» INFORMATION PROVIDED
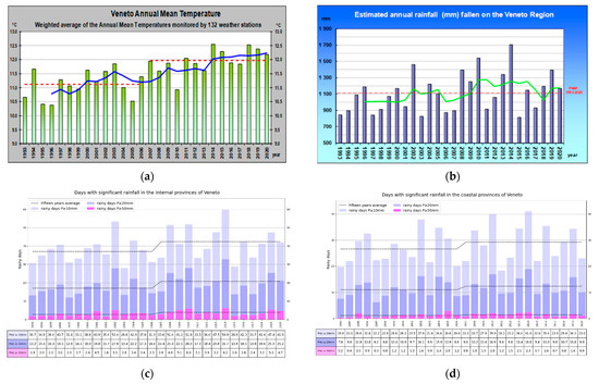 In addition to the already complex situation, the effects of the changing climate are evident in the region. During the period 1993–2019, the 132 meteorological stations of the Regional Agency for Environmental Protection and Prevention of Veneto (ARPAV) network registered an increase in the mean temperature of about 0.5 °C per decade (Figure 2a). Furthermore, during the period 1993–2020, the 160 rain gauge stations of the ARPAV network registered a considerable variability of the annual precipitation with alternation of drought situations to situations of pluviometric surplus (Figure 2b). Such anomalies are less visible in the coastal provinces (Figure 2d) than in hilly and mountainous provinces, where the number of days with intense precipitation is higher (Figure 2c).
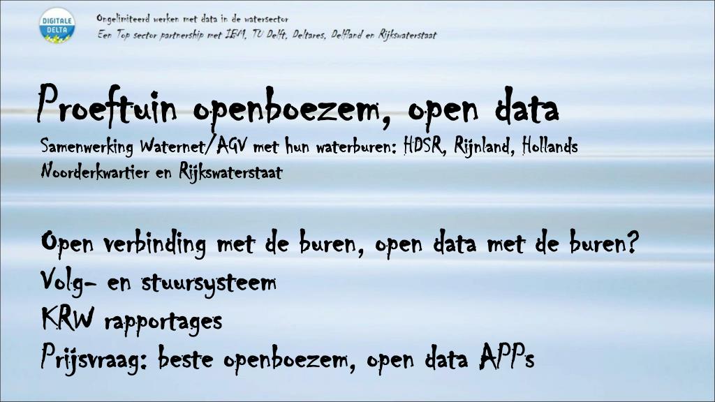 Proeftuin openboezem, open data Samenwerking Waternet/AGV met hun waterburen: HDSR, Rijnland, Hollands Noorderkwartier en Rijkswaterstaat Open verbinding met de buren, open data met de buren? Volg- en stuursysteem KRW rapportages Prijsvraag: beste openboezem, open data APPs
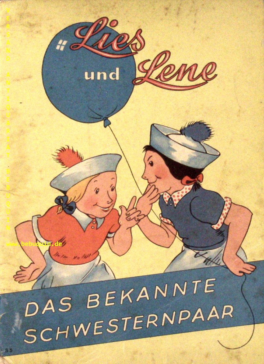 STRUWWELPETER.– LEVETZOW, Hulda von: Lies und Lene. Das bekannte Schwesternpaar. Eine Buschiade für groß und klein in sieben Streichen. o.O. (Pestalozzi), ca 1950. Gr. 8°. 20Bl. mit zahlr. farb. Illustrationen von Otto Waffenschmied. farb. ill. OKart. leicht angeschmutzt und bestoßen. = Verlagsnummer S5. wohl die 1. Aufl. dieser neu illustriertem Ausgabe.

» ACTION ITEM
Line by line, restate the data above exactly as it stands, minus the pictures.

» RESPONSE FOR THIS EXERCISE
 In addition to the already complex situation, the effects of the changing climate are evident in the region. During the period 1993–2019, the 132 meteorological stations of the Regional Agency for Environmental Protection and Prevention of Veneto (ARPAV) network registered an increase in the mean temperature of about 0.5 °C per decade (Figure 2a). Furthermore, during the period 1993–2020, the 160 rain gauge stations of the ARPAV network registered a considerable variability of the annual precipitation with alternation of drought situations to situations of pluviometric surplus (Figure 2b). Such anomalies are less visible in the coastal provinces (Figure 2d) than in hilly and mountainous provinces, where the number of days with intense precipitation is higher (Figure 2c).
 Proeftuin openboezem, open data Samenwerking Waternet/AGV met hun waterburen: HDSR, Rijnland, Hollands Noorderkwartier en Rijkswaterstaat Open verbinding met de buren, open data met de buren? Volg- en stuursysteem KRW rapportages Prijsvraag: beste openboezem, open data APPs
 STRUWWELPETER.– LEVETZOW, Hulda von: Lies und Lene. Das bekannte Schwesternpaar. Eine Buschiade für groß und klein in sieben Streichen. o.O. (Pestalozzi), ca 1950. Gr. 8°. 20Bl. mit zahlr. farb. Illustrationen von Otto Waffenschmied. farb. ill. OKart. leicht angeschmutzt und bestoßen. = Verlagsnummer S5. wohl die 1. Aufl. dieser neu illustriertem Ausgabe.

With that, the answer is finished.